I was born in the island of Sardinia, Italy, and grew up in a small village in a hilly countryside. In 2009, I obtained my high school degree of Technical Aviation Expert. I had my first experience abroad as AFS participant in 2007, thanks to which I lived for one year in Hudiksvall, Sweden, where I attended a local high school and lived with a local family.

I started my studies in physics at University of Pisa, Italy, where I obtained both my Bachelor (2014) and Master degrees (2016), and which included an experience of one year with the Erasmus+ program at KU Leuven, in Belgium. In Pisa, I worked on my thesis in a cavity optomechanics experiment, under the supervision of Prof. Donatella Ciampini. In 2017 I joined the quantum memory and repeaters project lead by Mikael Afzelius at the Group of Applied Physics at University of Geneva, Switzerland, and hence the QCALL network, as a PhD student.

I am interested on all aspects of quantum physics in general, especially by its “weirdness” and counterintuitive predictions, while at the same time I love how we can learn to use it in our everyday lives.
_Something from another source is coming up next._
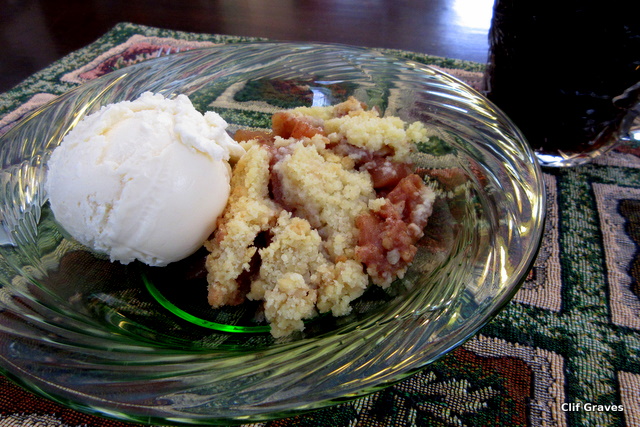 Then there is the smell of apples, cinnamon, and cloves as they blend and bake. It wafts from the kitchen and drifts to the dining room, and I expect this smell stimulates the appetite. (Let’s just say that it’s a good thing I made plenty for seconds.) So you have warm spiced apples and a crunchy, buttery topping. Perfect, right? Almost. It needs a scoop of vanilla ice cream to slowly melt into the warm mixture. Whipped cream is all right, but to my way of thinking, ice cream is the jewel in the crown, so to speak.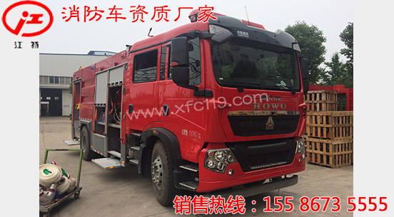 國(guó)五重汽豪沃T5G 2噸干粉,水和泡沫5噸聯(lián)用消防車(chē) 購(gòu)車(chē)熱線:15586735555 0722-3269119

In front of a beer, I will probably draw you down in conversations about technology, foreign cultures and languages and, of course, physics!

Current Reasearch

We can think of a quantum network as a group of nodes where quantum information can be processed. For these nodes to communicate, light can be used as a carrier of qubits and optical fibers-based connections will direct photons from the sender to the receiver. However, losses are inevitable, and increasingly so on long distances. This has consequences on the overall performance on the network as low communication rates. A possible solution to this problem is the use of quantum repeaters.

A simple implementation relies on the creation of pairs of entangled photons which will travel to the nodes we want to connect from a repeater, after which a measurement will confirm the successful sharing of entanglement.

At this level, quantum memories come into play. The generated entangled photons can be stored in order to wait for all the nodes to be connected by entanglement. This dramatically increases the rate of communication among nodes.

In my project at QCALL, I work on a practical implementation of a quantum memory. More specifically, I am investigating the quantum properties of solid state materials doped with Rare Earth ions, which are able to “store” the state of an input photon as a collective excitation of their internal degrees of freedom and release it on demand as an output photon.